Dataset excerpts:
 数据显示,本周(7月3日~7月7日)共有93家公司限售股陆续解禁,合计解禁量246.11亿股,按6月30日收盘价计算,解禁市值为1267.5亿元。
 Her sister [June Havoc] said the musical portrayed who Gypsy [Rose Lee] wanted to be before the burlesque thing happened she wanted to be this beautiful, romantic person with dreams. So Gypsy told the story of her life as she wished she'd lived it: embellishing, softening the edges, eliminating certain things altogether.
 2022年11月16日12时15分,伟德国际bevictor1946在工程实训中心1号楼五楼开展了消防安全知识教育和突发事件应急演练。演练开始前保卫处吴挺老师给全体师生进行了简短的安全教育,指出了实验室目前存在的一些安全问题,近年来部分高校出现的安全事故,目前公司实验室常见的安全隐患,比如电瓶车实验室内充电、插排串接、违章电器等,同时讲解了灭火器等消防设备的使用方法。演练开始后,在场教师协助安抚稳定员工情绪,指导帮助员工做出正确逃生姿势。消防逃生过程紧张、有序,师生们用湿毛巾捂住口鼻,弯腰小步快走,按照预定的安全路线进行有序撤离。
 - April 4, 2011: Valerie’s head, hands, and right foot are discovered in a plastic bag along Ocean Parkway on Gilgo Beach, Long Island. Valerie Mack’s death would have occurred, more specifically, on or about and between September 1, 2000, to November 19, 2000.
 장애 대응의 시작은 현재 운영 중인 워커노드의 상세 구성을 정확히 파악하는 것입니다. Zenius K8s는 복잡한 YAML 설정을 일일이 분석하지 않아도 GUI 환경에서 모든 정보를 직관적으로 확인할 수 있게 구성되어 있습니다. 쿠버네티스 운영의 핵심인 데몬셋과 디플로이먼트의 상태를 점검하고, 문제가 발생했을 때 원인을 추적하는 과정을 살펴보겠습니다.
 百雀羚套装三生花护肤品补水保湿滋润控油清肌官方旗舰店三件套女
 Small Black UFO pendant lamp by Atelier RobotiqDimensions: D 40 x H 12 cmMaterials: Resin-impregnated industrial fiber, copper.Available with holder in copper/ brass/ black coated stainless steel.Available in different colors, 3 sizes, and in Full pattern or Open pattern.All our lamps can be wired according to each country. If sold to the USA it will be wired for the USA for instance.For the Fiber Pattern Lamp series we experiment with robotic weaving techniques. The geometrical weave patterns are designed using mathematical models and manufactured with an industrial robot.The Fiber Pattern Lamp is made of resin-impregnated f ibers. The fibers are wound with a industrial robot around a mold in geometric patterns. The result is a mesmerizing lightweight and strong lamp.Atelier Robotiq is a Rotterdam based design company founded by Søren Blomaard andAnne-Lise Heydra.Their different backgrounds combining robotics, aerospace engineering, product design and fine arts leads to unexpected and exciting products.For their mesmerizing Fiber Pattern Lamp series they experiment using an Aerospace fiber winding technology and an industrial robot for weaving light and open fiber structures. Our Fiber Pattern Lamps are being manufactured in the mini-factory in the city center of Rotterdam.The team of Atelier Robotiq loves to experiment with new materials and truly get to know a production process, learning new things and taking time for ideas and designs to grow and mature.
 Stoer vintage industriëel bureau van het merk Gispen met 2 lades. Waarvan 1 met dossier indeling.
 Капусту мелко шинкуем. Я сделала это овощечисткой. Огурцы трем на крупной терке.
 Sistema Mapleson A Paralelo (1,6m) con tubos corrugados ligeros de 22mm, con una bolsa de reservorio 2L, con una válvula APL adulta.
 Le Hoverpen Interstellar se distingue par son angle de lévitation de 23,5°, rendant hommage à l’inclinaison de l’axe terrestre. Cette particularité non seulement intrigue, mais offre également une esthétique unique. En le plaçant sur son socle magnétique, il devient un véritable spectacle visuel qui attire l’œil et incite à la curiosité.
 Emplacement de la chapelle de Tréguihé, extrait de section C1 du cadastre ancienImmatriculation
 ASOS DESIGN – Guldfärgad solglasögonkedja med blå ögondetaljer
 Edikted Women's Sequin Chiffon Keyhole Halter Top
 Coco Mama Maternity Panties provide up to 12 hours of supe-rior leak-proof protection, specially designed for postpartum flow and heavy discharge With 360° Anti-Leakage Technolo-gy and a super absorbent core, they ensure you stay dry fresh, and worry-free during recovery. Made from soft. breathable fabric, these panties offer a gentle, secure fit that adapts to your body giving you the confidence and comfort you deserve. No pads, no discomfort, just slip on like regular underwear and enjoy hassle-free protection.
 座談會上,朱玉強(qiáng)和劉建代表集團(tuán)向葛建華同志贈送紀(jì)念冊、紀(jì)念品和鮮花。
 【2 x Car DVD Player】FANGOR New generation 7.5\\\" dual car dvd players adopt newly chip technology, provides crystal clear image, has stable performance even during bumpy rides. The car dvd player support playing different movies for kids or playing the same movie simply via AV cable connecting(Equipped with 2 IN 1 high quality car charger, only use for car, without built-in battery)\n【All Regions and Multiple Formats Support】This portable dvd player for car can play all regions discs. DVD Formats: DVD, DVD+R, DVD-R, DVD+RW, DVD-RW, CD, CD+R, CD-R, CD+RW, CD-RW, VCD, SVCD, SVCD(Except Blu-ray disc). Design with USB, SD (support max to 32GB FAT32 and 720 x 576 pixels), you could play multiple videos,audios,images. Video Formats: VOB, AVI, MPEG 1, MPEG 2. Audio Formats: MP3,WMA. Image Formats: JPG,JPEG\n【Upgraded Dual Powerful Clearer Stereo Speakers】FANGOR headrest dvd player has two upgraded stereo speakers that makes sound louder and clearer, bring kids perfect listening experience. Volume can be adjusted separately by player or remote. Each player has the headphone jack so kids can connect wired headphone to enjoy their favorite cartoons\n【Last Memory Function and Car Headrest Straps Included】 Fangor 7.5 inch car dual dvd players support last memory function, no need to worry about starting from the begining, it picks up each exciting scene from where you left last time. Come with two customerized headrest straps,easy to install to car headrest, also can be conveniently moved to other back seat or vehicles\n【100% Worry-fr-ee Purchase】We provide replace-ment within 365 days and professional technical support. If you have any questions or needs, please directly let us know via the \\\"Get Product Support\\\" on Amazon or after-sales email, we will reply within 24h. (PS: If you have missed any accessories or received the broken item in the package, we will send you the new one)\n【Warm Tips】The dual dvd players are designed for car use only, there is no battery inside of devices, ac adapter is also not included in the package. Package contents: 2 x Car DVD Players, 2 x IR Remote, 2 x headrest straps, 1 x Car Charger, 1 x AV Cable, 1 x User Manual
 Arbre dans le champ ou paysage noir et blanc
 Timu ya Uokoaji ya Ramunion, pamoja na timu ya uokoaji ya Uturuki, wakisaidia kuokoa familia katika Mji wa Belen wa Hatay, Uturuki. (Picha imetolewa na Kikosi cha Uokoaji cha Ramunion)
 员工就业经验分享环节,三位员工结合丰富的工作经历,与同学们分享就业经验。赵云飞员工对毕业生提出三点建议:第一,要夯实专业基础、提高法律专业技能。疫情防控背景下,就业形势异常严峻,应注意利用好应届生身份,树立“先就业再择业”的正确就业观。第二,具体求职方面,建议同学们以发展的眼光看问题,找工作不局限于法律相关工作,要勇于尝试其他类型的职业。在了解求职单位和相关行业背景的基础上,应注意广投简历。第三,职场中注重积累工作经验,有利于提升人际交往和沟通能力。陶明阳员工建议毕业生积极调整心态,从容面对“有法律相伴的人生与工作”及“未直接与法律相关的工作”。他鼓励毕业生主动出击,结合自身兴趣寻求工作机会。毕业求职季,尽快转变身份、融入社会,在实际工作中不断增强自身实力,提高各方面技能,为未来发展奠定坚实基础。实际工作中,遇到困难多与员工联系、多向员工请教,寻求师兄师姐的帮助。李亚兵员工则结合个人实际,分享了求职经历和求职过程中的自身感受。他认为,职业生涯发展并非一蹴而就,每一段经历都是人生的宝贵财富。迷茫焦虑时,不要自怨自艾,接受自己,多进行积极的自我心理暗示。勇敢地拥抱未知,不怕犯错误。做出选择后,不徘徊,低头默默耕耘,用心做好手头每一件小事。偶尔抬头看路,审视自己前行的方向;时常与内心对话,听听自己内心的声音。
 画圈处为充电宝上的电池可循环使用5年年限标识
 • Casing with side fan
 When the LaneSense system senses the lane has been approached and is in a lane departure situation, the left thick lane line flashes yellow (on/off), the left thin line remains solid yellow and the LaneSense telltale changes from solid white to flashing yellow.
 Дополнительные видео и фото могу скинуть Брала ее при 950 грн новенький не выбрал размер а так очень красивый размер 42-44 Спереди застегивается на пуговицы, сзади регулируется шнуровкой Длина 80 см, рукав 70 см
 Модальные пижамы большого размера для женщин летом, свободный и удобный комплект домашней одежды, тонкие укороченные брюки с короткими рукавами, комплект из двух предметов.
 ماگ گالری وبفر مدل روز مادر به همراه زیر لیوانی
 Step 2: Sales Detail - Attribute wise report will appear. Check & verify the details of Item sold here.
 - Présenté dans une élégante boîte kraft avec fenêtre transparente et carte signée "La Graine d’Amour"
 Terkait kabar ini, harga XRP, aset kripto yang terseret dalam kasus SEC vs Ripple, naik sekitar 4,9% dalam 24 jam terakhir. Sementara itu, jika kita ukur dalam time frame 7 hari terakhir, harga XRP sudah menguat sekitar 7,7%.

▸ **TASK REQUIREMENTS**: Write out word for word every line from the one containing "When the LaneSense" through the last line of the data, and no other line.

▸ **TASK RESPONSE**:
 When the LaneSense system senses the lane has been approached and is in a lane departure situation, the left thick lane line flashes yellow (on/off), the left thin line remains solid yellow and the LaneSense telltale changes from solid white to flashing yellow.
 Дополнительные видео и фото могу скинуть Брала ее при 950 грн новенький не выбрал размер а так очень красивый размер 42-44 Спереди застегивается на пуговицы, сзади регулируется шнуровкой Длина 80 см, рукав 70 см
 Модальные пижамы большого размера для женщин летом, свободный и удобный комплект домашней одежды, тонкие укороченные брюки с короткими рукавами, комплект из двух предметов.
 ماگ گالری وبفر مدل روز مادر به همراه زیر لیوانی
 Step 2: Sales Detail - Attribute wise report will appear. Check & verify the details of Item sold here.
 - Présenté dans une élégante boîte kraft avec fenêtre transparente et carte signée "La Graine d’Amour"
 Terkait kabar ini, harga XRP, aset kripto yang terseret dalam kasus SEC vs Ripple, naik sekitar 4,9% dalam 24 jam terakhir. Sementara itu, jika kita ukur dalam time frame 7 hari terakhir, harga XRP sudah menguat sekitar 7,7%.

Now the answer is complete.